═══ SOURCE DATA

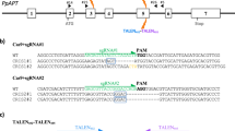 Tomato plants (Solanum lycopersicum L.) cv. Micro-Tom and Ailsa Craig were used for site-directed mutagenesis experiments. Plants were grown under conditions of 24 °C with 16 h light at 4000–6000 lx/8 h dark in the growth chamber. Transgenic tomato plants were generated using TiD vectors for plants. Leaf disks from tomato cotyledons were transformed with Agrobacterium tumefaciens strain GV2260 harboring the TiD vector. Transgenic calli and shoots were selected and regenerated to plantlets on MS medium containing 100 μg/mL kanamycin according to the method of Ueta et al.17.
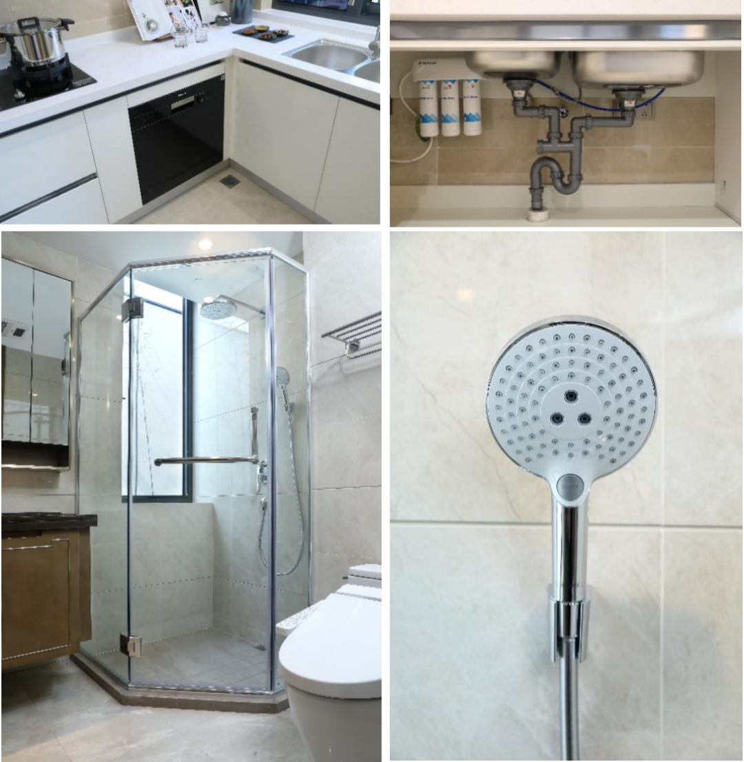 值得注意的事,室內空間的人性化細節,豐富的交付設施能夠很好的提升用戶的生活體驗。比如廚房和衛生間臺盆邊緣增加擋水條,防止水流入柜體內部或地面,廚房配備油煙機、消毒柜、水槽一體洗碗機等,玄關、臥室等空間配備“藏露有度”的收納系統,全屋配備中央空調,滿足人居多樣化需求,提升歸家溫馨感。
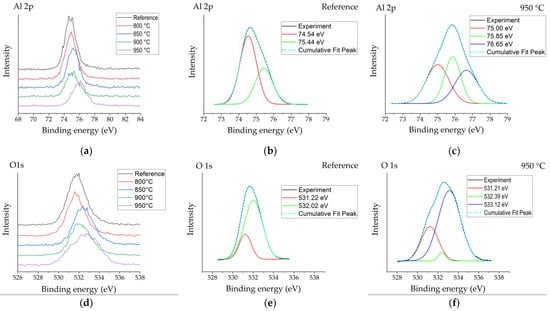 Figure 3 shows the Al2p, O1s and B1s peaks obtained by X-ray photoelectron spectroscopy for the reference sample and samples boronized at different temperatures. Figure 3a reveals an Al2p peak centred at ~74.8 eV for the reference sample. The position of the Al2p peak for the sample boronized at 800 °C did not differ visibly from that of the reference, while with further temperature increases, a slight peak position shift to the higher binding energies was observed. For the reference sample, two peaks with binding energies of ~74.5 eV and 75.4 eV were deconvoluted (Figure 3b), which, according to various sources [,], are typically attributed to Al2O3 and surface-bound hydroxyl groups on Al (Al–OH). For boronized surfaces, the appearance of one more peak component was observed at a higher binding energy (~76.65 eV), which was most expressed for samples boronized at higher temperatures containing more boron and showing plenty crystallization of aluminium borate crystals (Figure 3c). In borates, boron and oxygen atoms form planar trigonal BO3 units or negatively charged tetrahedral [BO4]– units based on strong covalent boron–oxygen bonds []. Respectively, the appearance of this peak might be attributed to borate units bound to aluminium (Al–O–B).
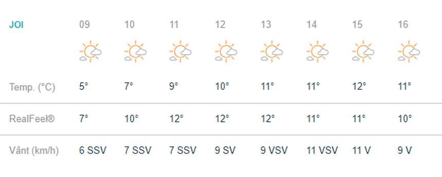 La ora 9 dimineaţa vor fi 5 grade, urmând ca în orele următoare gradele să crească cu câte două grade. Cele mai multe grade în termometre se vor simţi joi, în Bucureşti, la ora 15.00, atunci când vor fi 12, urmând ca de la ora 16.00, acestea să înceapă să scadă.

══════

From the data above, write out everything exactly except the pictures.

RESPONSE FOR THIS EXERCISE »
 Tomato plants (Solanum lycopersicum L.) cv. Micro-Tom and Ailsa Craig were used for site-directed mutagenesis experiments. Plants were grown under conditions of 24 °C with 16 h light at 4000–6000 lx/8 h dark in the growth chamber. Transgenic tomato plants were generated using TiD vectors for plants. Leaf disks from tomato cotyledons were transformed with Agrobacterium tumefaciens strain GV2260 harboring the TiD vector. Transgenic calli and shoots were selected and regenerated to plantlets on MS medium containing 100 μg/mL kanamycin according to the method of Ueta et al.17.
 值得注意的事,室內空間的人性化細節,豐富的交付設施能夠很好的提升用戶的生活體驗。比如廚房和衛生間臺盆邊緣增加擋水條,防止水流入柜體內部或地面,廚房配備油煙機、消毒柜、水槽一體洗碗機等,玄關、臥室等空間配備“藏露有度”的收納系統,全屋配備中央空調,滿足人居多樣化需求,提升歸家溫馨感。
 Figure 3 shows the Al2p, O1s and B1s peaks obtained by X-ray photoelectron spectroscopy for the reference sample and samples boronized at different temperatures. Figure 3a reveals an Al2p peak centred at ~74.8 eV for the reference sample. The position of the Al2p peak for the sample boronized at 800 °C did not differ visibly from that of the reference, while with further temperature increases, a slight peak position shift to the higher binding energies was observed. For the reference sample, two peaks with binding energies of ~74.5 eV and 75.4 eV were deconvoluted (Figure 3b), which, according to various sources [,], are typically attributed to Al2O3 and surface-bound hydroxyl groups on Al (Al–OH). For boronized surfaces, the appearance of one more peak component was observed at a higher binding energy (~76.65 eV), which was most expressed for samples boronized at higher temperatures containing more boron and showing plenty crystallization of aluminium borate crystals (Figure 3c). In borates, boron and oxygen atoms form planar trigonal BO3 units or negatively charged tetrahedral [BO4]– units based on strong covalent boron–oxygen bonds []. Respectively, the appearance of this peak might be attributed to borate units bound to aluminium (Al–O–B).
 La ora 9 dimineaţa vor fi 5 grade, urmând ca în orele următoare gradele să crească cu câte două grade. Cele mai multe grade în termometre se vor simţi joi, în Bucureşti, la ora 15.00, atunci când vor fi 12, urmând ca de la ora 16.00, acestea să înceapă să scadă.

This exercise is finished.